For the word "diseño", state how many lines of the listing below contain it. Give the number and nothing more.

··· SOURCE DATA

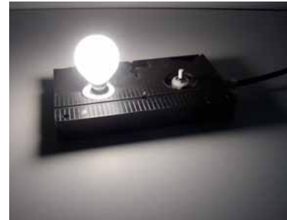
Cristina Allende. Workshop diseño industrial.

Se realizarán talleres que abarcarán semanas completas, dedicados a la experimentación e impartidos por expertos profesionales. Se plantearán como ejercicios prácticos intensivos para entender mejor cada materia. Áreas a desarrollar: moda, diseño de producto, diseño de interiores, diseño gráfico, y comunicación.
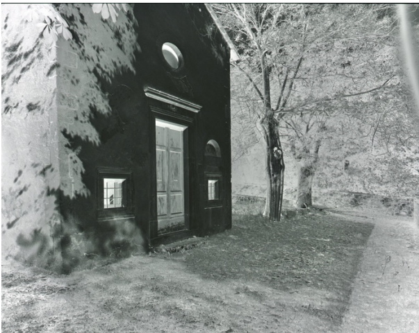
D72 A 7

······

*RESPONSE*
2